At the December 10 meeting of my Photography Group, we saw a presentation by Christine Eadie, a legal secretary who calls her old timey process company Charleston Tintypist.
Get it? She's a typist and makes tintype photos on metal. The same process used during the Civil War.
Back in the 1860s, if you wanted to make a large photo, it required a large camera.
This is an 8 x 10 bellows camera that used a wet plate that size. This is a much newer model but the lens is quite old.
Christine explained the step-by-step process and then told how she packs up all her accessories and goes into the field at local battle Re-enactments.
She reasoned these costumed participants would appreciate the authenticity of having their photo taken this way.
She said that has worked well so far.
But they also expected all of her equipment to be the Real McCoy too.
The process (see the link) does involve some caustic chemicals and she wears modern protective safety glasses and takes other steps to avoid injury.
She told us that the "fixer" that stabilizes the image on the wet glass is Potassium Cyanide.
Yeah, pretty dangerous stuff that can blind you if it splashes into your eyes.
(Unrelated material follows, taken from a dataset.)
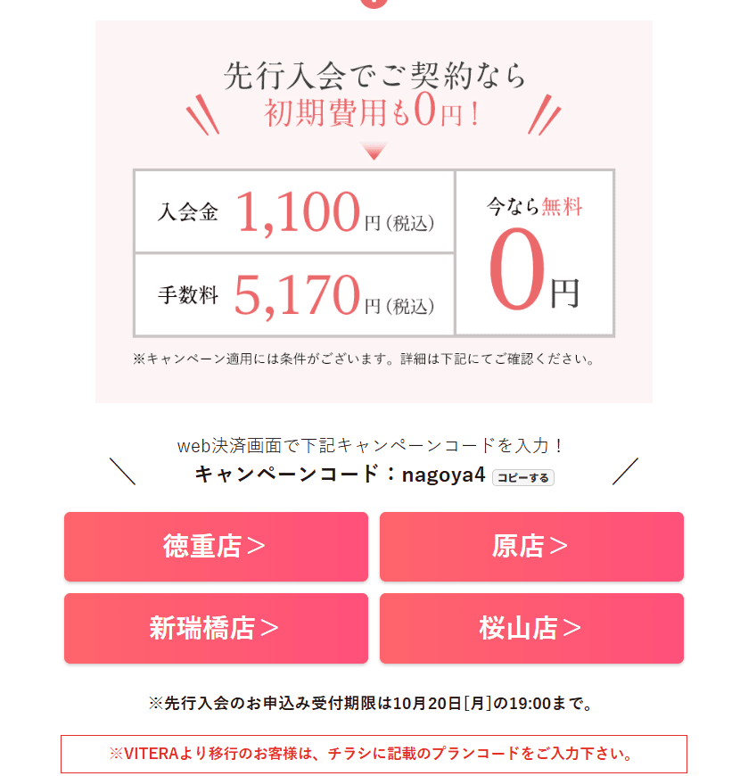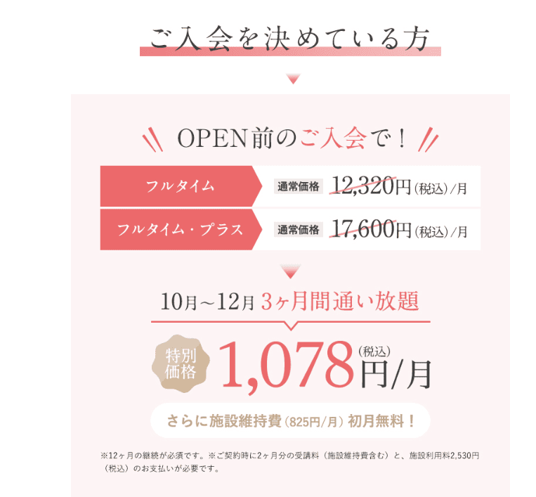 3か月間通い放題1,078円/月の特別価格に加えて、さらに先行入会で手数料も0円になります。

Same with Silver Halide crystals.
That happened to the famed photographer Mathew Brady, while he covered the aftermath of Civil War battles.
Christine said many of the photos we attribute to Brady were taken by his many assistants after his vision was impaired.
The real beauty of these tintypes, preserved on thin sheets of iron, is they are "varnished" at the end and exist in fine shape even after 150 years.
Christine brought half a dozen of her finished products as part of her presentation.
We photographers had many questions and foremost was the length of exposure on this "slow speed" medium.
She said an exposure of 3-10 seconds often was required.
Illustrations of various clamps and devices were shown that were used to hold the subject's head steady.
Any movement would cause a blur.
Other contraptions were clamped to hold a subject's body in place during the exposure to avoid such blurring.
I asked if she had experimented with using a modern flash and she said she had.
I commented that photographers during that period who used flash powder probably could be recognized because they lacked eyebrows.
(Click on the photos for more details.)
The links I added will give you more background on the topic and I am sure Christine would be willing and able to answer your questions.
I see flash powder being used in photos taken in the 1920s and later.
Well, I used flashbulbs when I started out. Anyone remember those?
Now my camera has a built-in strobe light that flashes at 1/2000th of a second.